Not failing in the presence of malformed configmaps seems like useful resilience, but I think I’d rather see us solve the first-order problem first, which is getting better synchronous validation of our configmaps.

I forget who I was talking to about this recently, but the tl;dr was: Let’s extend out webhook to validate our configmaps.

Today the key configuration our webhook takes is this map here: https://github.com/knative/serving/blob/c6f7bc48faa2c882539d56719d5b23fdd653ea5c/cmd/webhook/main.go#L108-L123

… which combined with apis.Validatable and apis.Defaultable form the core of our webhook logic.

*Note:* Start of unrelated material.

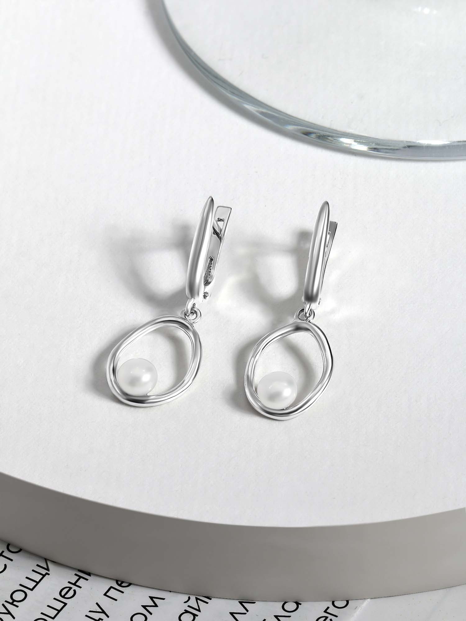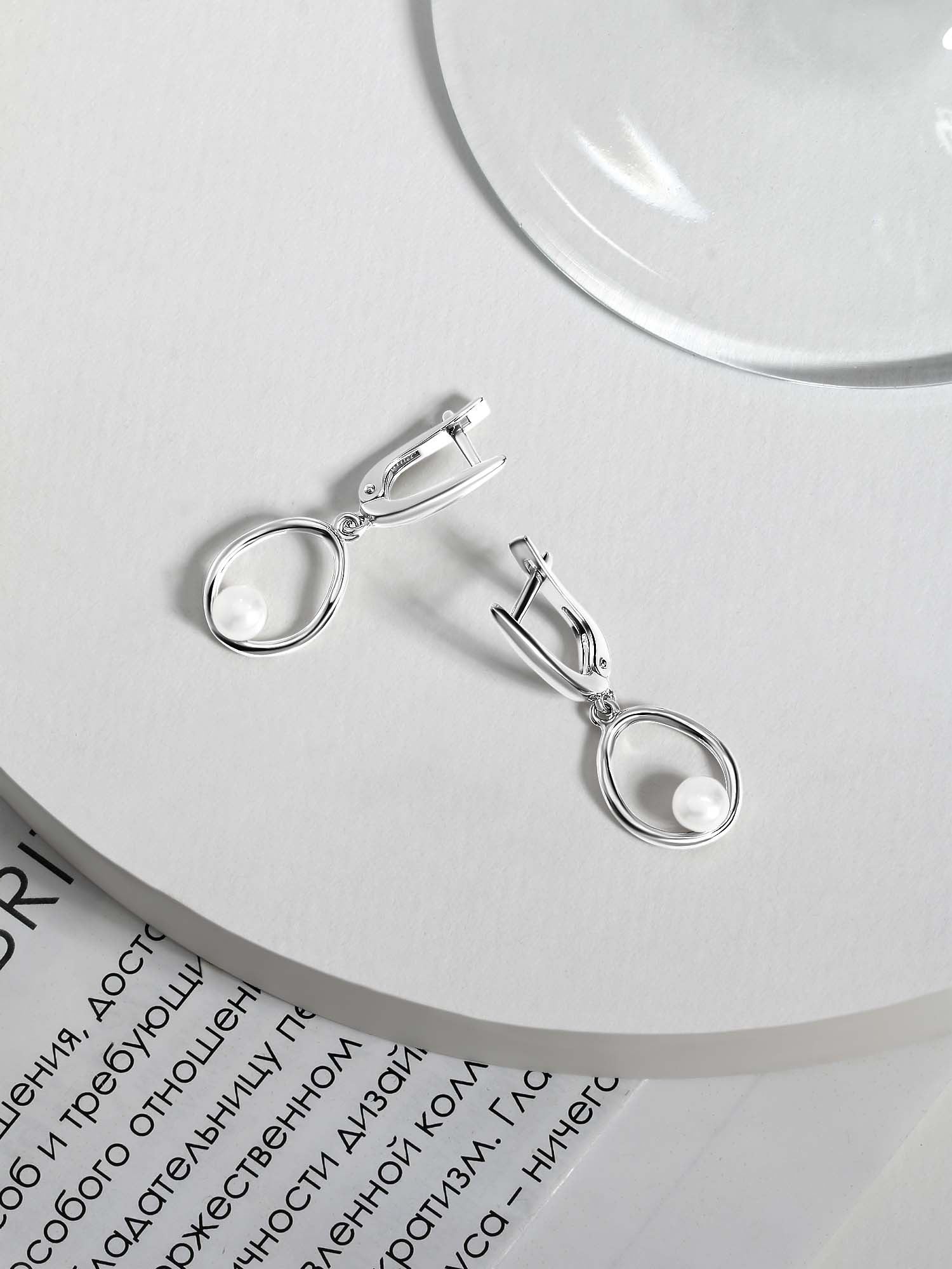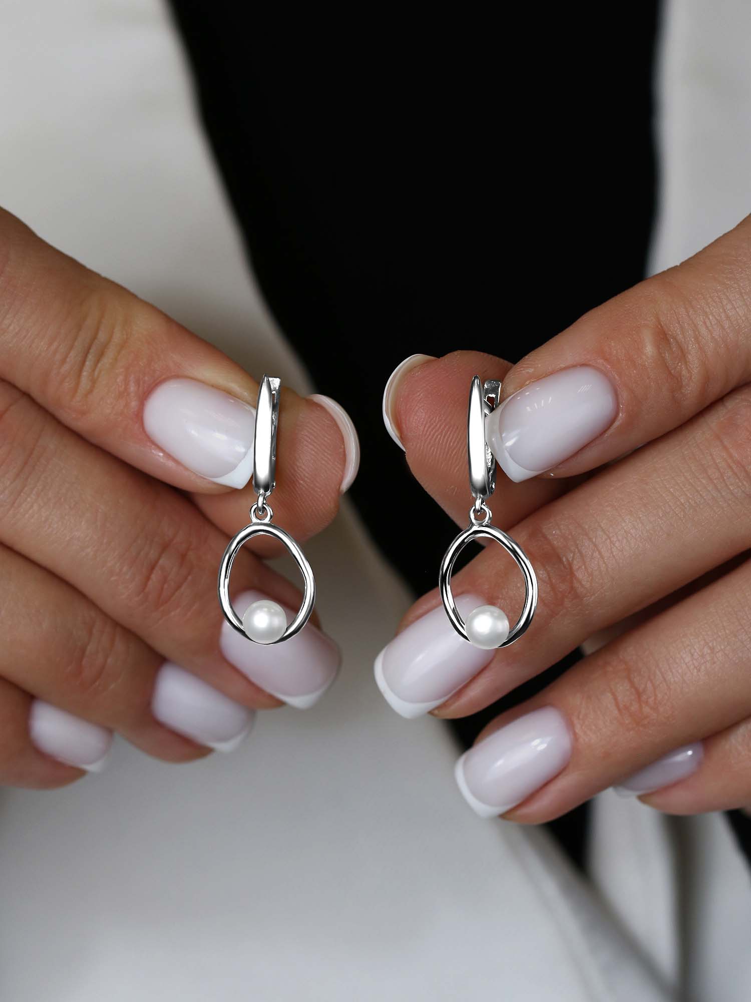 Серьги из серебра с пресноводным культивированным жемчугом родированные

I would propose that to synchronously validate ConfigMaps we also allow webhook consumers to provide a mapping like those used in our controllers’ respective stores e.g. here: https://github.com/knative/serving/blob/c6f7bc48faa2c882539d56719d5b23fdd653ea5c/pkg/reconciler/revision/config/store.go#L64-L71

The shared webhook infrastructure would then (when these are provided) register a validating webhook on ConfigMaps in system.Namespace() and dispatch on the ConfigMap name to invoke the appropriate constructor. If it errors, then we would return the error and reject the configmap update synchronously.

I think with such a defense in place, it will be much harder to get into the bad state discussed here, and much more obvious to folks that hit these guard rails what the problem is. @nimakaviani would you be up for tackling this? I think it’d be extremely useful.